== Segment start ==

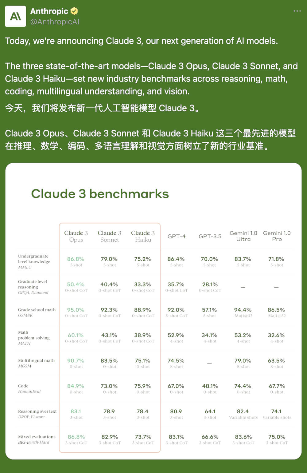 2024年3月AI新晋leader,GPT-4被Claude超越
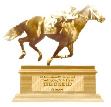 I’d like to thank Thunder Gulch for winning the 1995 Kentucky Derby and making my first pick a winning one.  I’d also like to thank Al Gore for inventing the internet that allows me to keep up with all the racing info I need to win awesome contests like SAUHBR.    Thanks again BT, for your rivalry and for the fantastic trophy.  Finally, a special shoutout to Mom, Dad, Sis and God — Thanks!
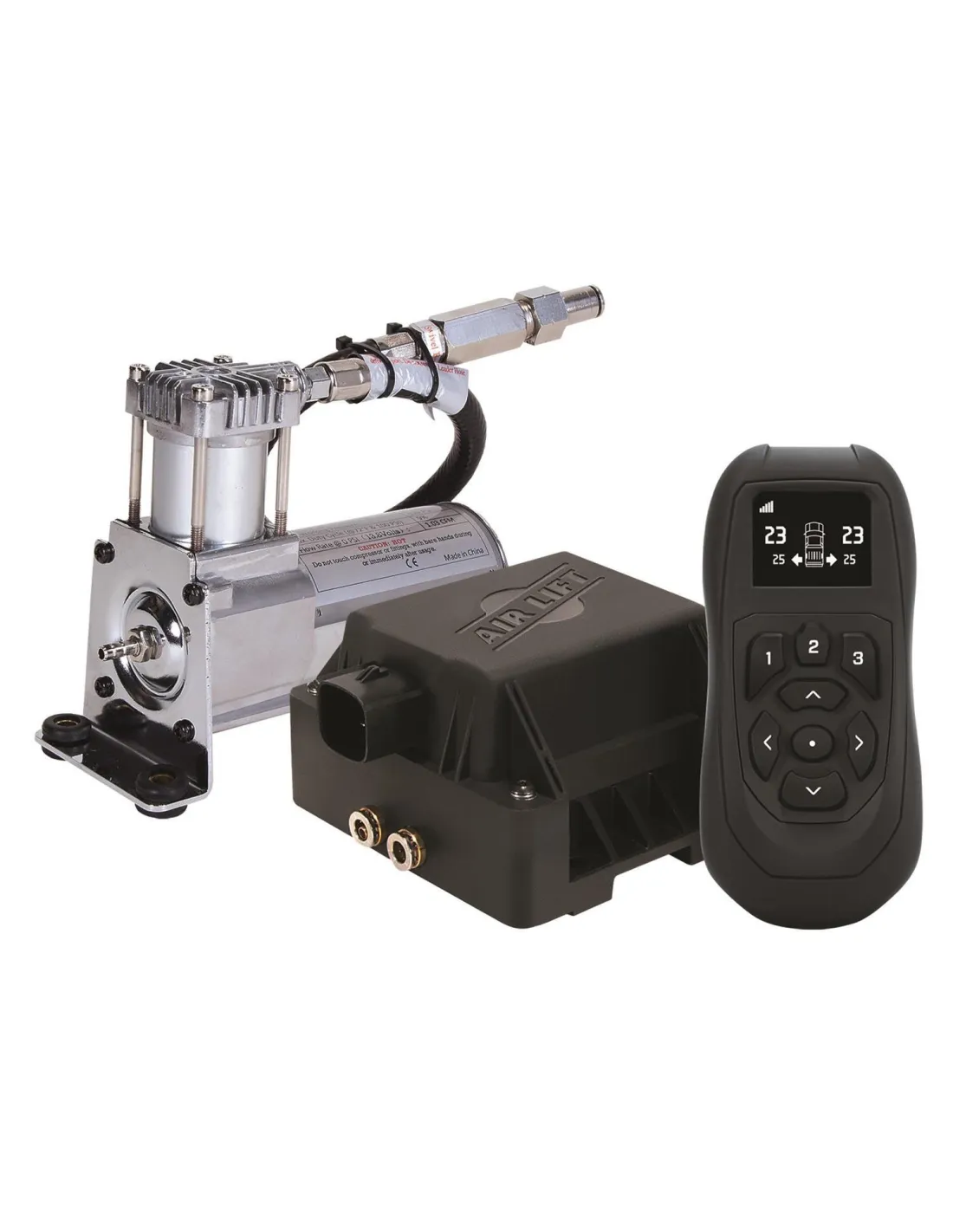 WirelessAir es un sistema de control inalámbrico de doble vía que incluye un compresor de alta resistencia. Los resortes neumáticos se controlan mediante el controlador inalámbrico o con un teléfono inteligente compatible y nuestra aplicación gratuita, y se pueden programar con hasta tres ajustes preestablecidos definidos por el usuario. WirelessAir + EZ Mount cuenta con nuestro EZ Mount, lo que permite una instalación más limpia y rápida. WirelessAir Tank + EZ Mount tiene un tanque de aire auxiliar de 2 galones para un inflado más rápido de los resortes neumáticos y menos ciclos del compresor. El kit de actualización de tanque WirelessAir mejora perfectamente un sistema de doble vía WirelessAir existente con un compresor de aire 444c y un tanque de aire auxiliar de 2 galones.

== Segment end ==

- **ABOUT THIS EXERCISE**: Retype the listing exactly. Leave the pictures out.

- **SOLVED PROBLEM**:
 2024年3月AI新晋leader,GPT-4被Claude超越
 I’d like to thank Thunder Gulch for winning the 1995 Kentucky Derby and making my first pick a winning one.  I’d also like to thank Al Gore for inventing the internet that allows me to keep up with all the racing info I need to win awesome contests like SAUHBR.    Thanks again BT, for your rivalry and for the fantastic trophy.  Finally, a special shoutout to Mom, Dad, Sis and God — Thanks!
 WirelessAir es un sistema de control inalámbrico de doble vía que incluye un compresor de alta resistencia. Los resortes neumáticos se controlan mediante el controlador inalámbrico o con un teléfono inteligente compatible y nuestra aplicación gratuita, y se pueden programar con hasta tres ajustes preestablecidos definidos por el usuario. WirelessAir + EZ Mount cuenta con nuestro EZ Mount, lo que permite una instalación más limpia y rápida. WirelessAir Tank + EZ Mount tiene un tanque de aire auxiliar de 2 galones para un inflado más rápido de los resortes neumáticos y menos ciclos del compresor. El kit de actualización de tanque WirelessAir mejora perfectamente un sistema de doble vía WirelessAir existente con un compresor de aire 444c y un tanque de aire auxiliar de 2 galones.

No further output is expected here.